(TO DO) The response should contain all of the data below, reproduced exactly, and no pictures.

(SOURCE MATERIAL)
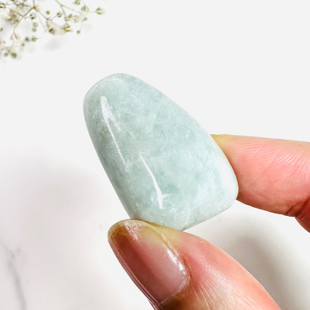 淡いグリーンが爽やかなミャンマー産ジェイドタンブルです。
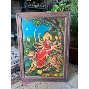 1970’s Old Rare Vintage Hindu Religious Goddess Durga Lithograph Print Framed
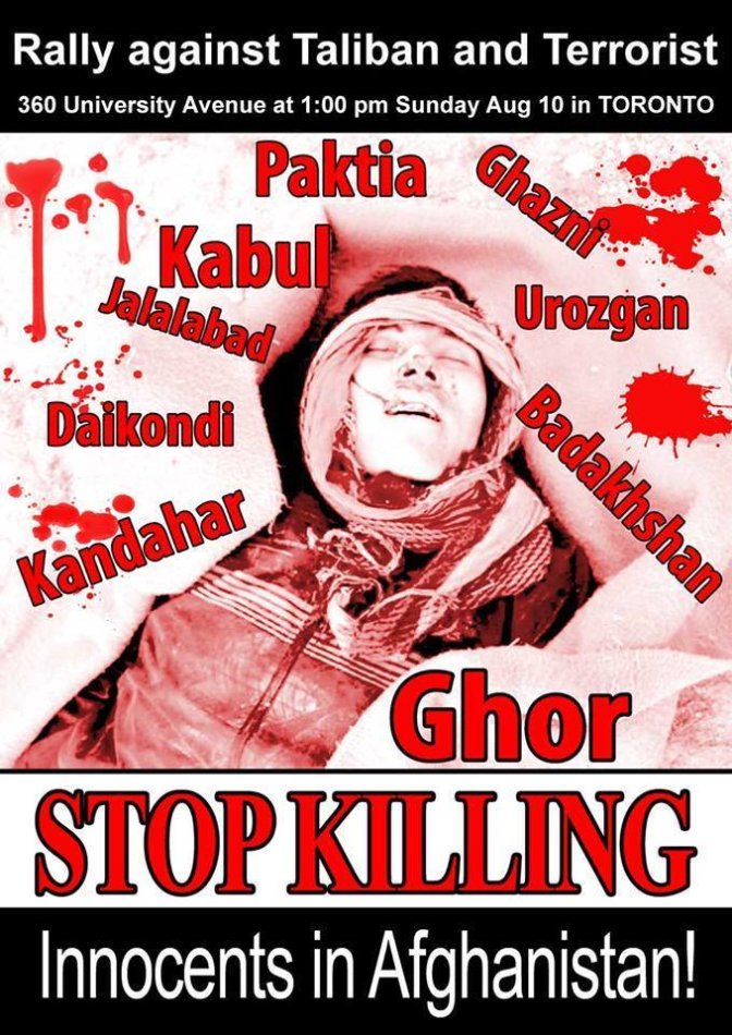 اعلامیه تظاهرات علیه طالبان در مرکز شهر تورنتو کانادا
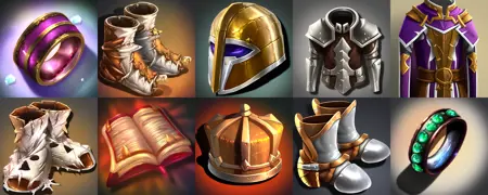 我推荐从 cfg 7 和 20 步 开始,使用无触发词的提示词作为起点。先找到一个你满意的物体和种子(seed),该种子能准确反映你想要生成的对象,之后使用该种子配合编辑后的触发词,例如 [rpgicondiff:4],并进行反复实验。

(ANSWER)
 淡いグリーンが爽やかなミャンマー産ジェイドタンブルです。
 1970’s Old Rare Vintage Hindu Religious Goddess Durga Lithograph Print Framed
 اعلامیه تظاهرات علیه طالبان در مرکز شهر تورنتو کانادا
 我推荐从 cfg 7 和 20 步 开始,使用无触发词的提示词作为起点。先找到一个你满意的物体和种子(seed),该种子能准确反映你想要生成的对象,之后使用该种子配合编辑后的触发词,例如 [rpgicondiff:4],并进行反复实验。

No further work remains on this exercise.